Polycystic Ovarian Syndrome (PCOS)
PCOS is a health issue that can affect a womanbs health and well-being in a multitude of ways. PCOS impacts such things as, menstrual cycle, fertility, hormones, insulin production, heart, blood vessels, weight, and physical appearance. The results of these physical impacts can also result in poor self image and depression.
What symptoms are typically associated with Polycystic Ovarian Syndrome (PCOS)?
Often women with PCOS have characteristics that first appear in their reproductive systems.
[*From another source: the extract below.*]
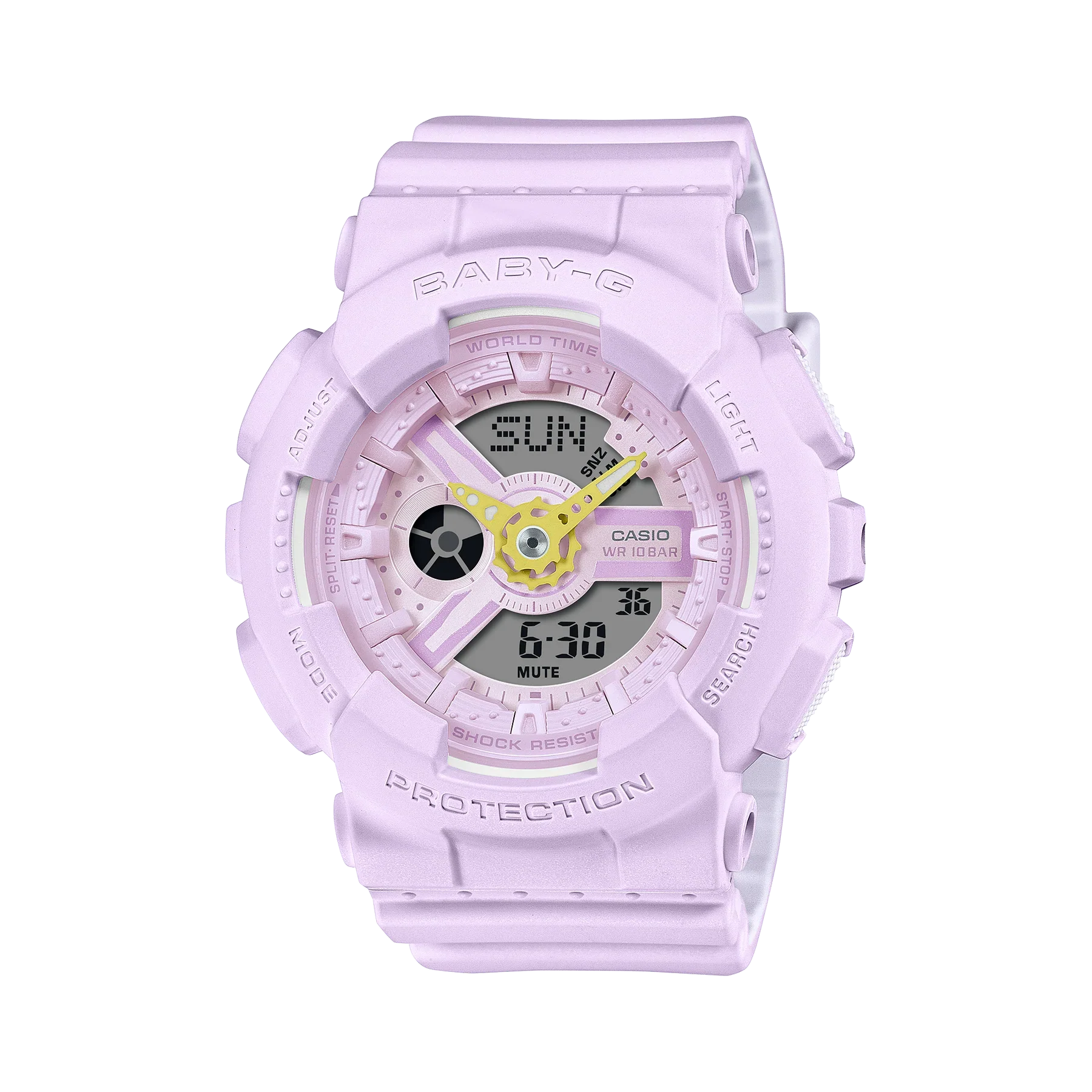 This G-Shock Baby-G Pink Pastel Dial and Resin Case + Band Watch blends a soft, pastel elegance with bold, playful design elements, making it a standout accessory for any occasion. The resin case and band offer exceptional durability and lightweight comfort, while the intricate dial and pastel color palette create a refined yet youthful charm. Accents on the hands add a subtle pop of color, complementing the distinctive look. With quartz movement, mineral crystal glass, and 100-meter water resistance, this men’s and women’s watch seamlessly combines premium craftsmanship with everyday functionality.

Women with PCOS can display a degree of symptoms including:
- Weight gain or obesity, typically consisting of extra weight around the waist
- Abnormal growth of hair on the face, chest, stomach, back, thumbs, and toes
- Irregular menstrual periods, no menstrual periods, and/or irregular bleeding
- Infertility or difficulty in becoming pregnant due to lack of ovulation
- Male-pattern baldness or thinning hair
- Elevated levels of male hormones (androgens)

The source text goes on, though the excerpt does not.